Please write out the full listing beneath this line exactly, skipping its images.

(Materials provided)
-- Opening Marker --
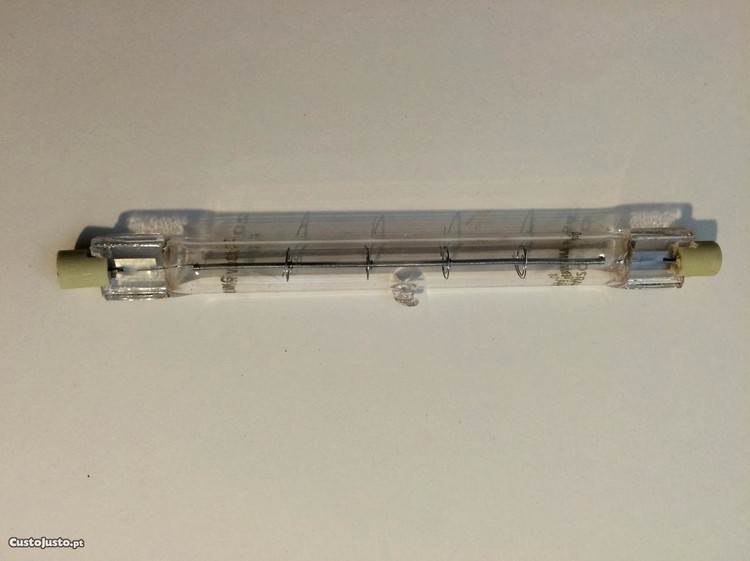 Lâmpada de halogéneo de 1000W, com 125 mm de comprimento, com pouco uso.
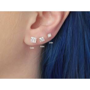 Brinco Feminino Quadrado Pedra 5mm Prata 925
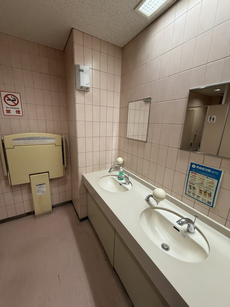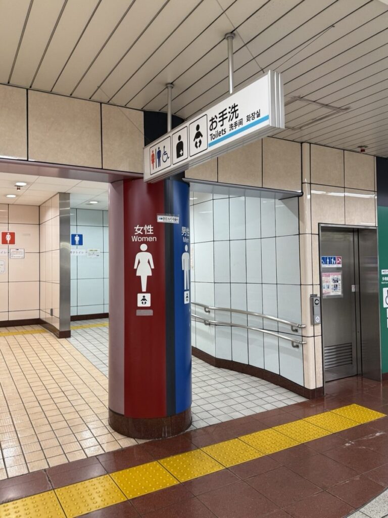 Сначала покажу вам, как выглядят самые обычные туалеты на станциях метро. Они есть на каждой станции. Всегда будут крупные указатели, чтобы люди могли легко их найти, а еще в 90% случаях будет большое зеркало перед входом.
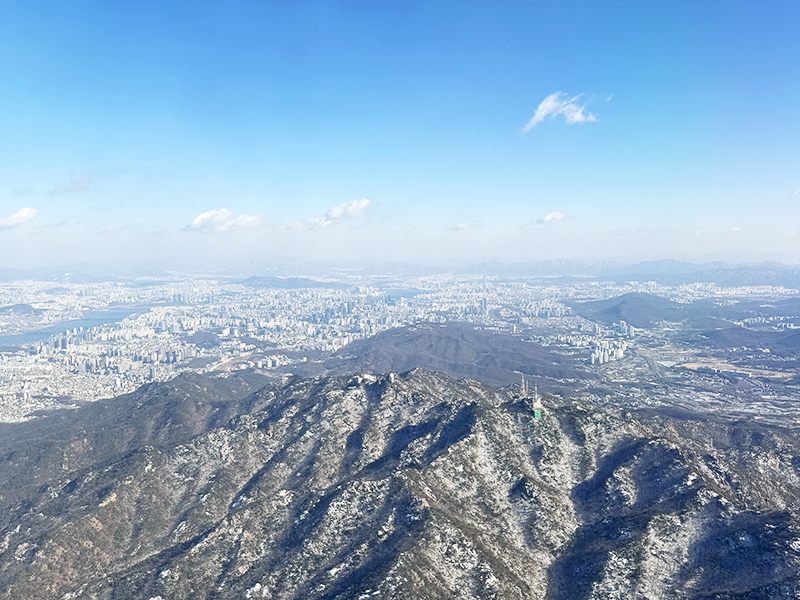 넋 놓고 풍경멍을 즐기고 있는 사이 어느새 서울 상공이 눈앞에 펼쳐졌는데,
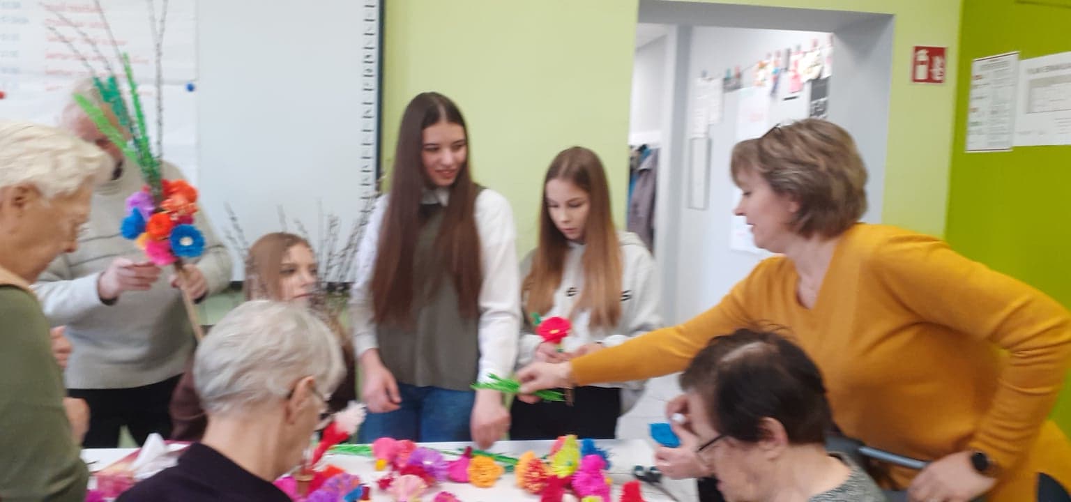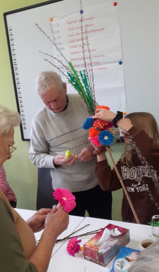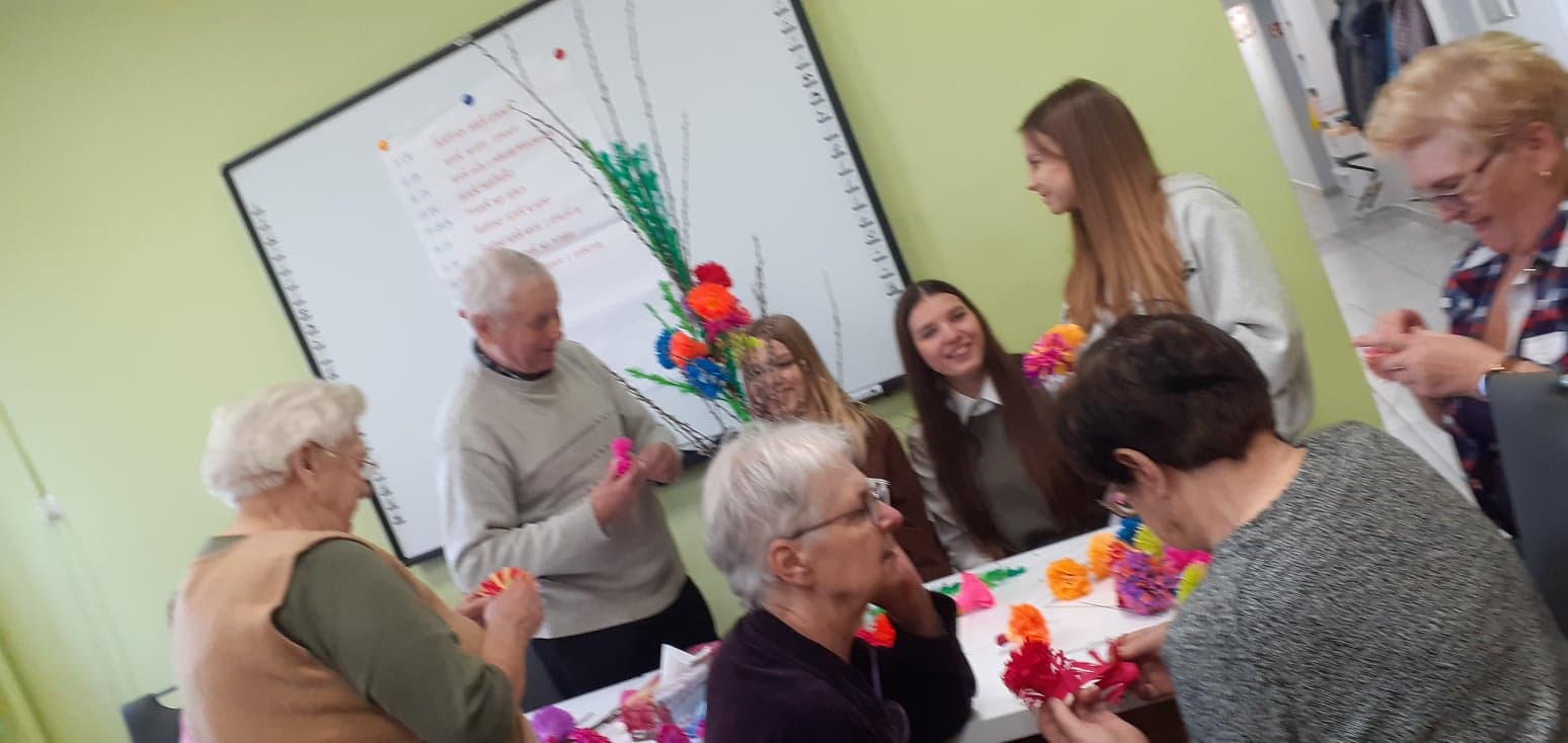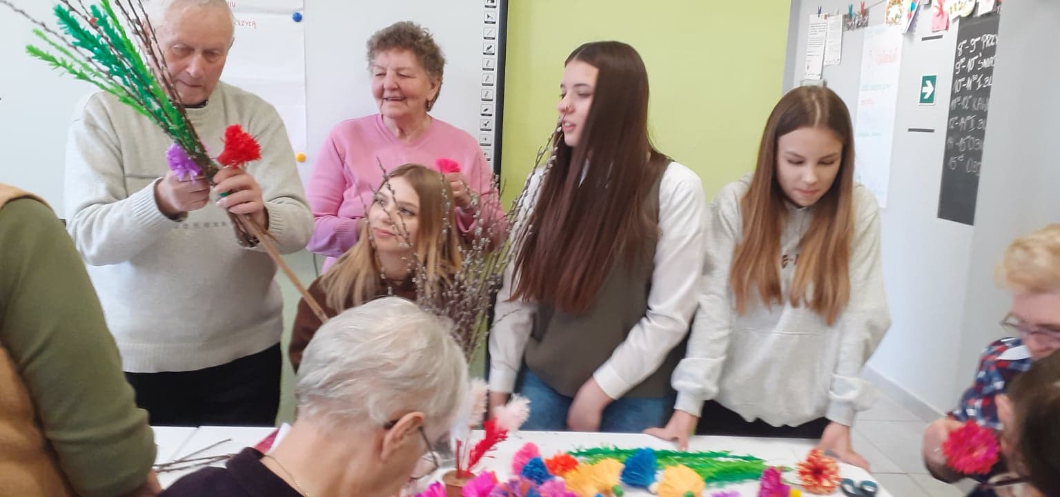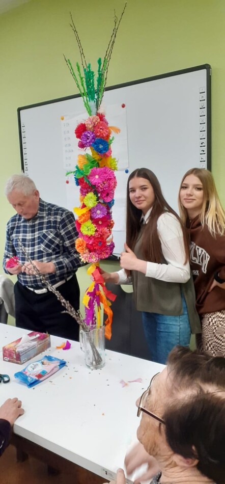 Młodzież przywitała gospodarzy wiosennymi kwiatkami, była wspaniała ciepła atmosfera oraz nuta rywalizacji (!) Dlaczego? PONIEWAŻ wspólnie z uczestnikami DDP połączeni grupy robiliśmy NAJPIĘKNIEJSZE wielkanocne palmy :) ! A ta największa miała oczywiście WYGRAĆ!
-- Closing Marker --
(Response below)
 Lâmpada de halogéneo de 1000W, com 125 mm de comprimento, com pouco uso.
 Brinco Feminino Quadrado Pedra 5mm Prata 925
 Сначала покажу вам, как выглядят самые обычные туалеты на станциях метро. Они есть на каждой станции. Всегда будут крупные указатели, чтобы люди могли легко их найти, а еще в 90% случаях будет большое зеркало перед входом.
 넋 놓고 풍경멍을 즐기고 있는 사이 어느새 서울 상공이 눈앞에 펼쳐졌는데,
 Młodzież przywitała gospodarzy wiosennymi kwiatkami, była wspaniała ciepła atmosfera oraz nuta rywalizacji (!) Dlaczego? PONIEWAŻ wspólnie z uczestnikami DDP połączeni grupy robiliśmy NAJPIĘKNIEJSZE wielkanocne palmy :) ! A ta największa miała oczywiście WYGRAĆ!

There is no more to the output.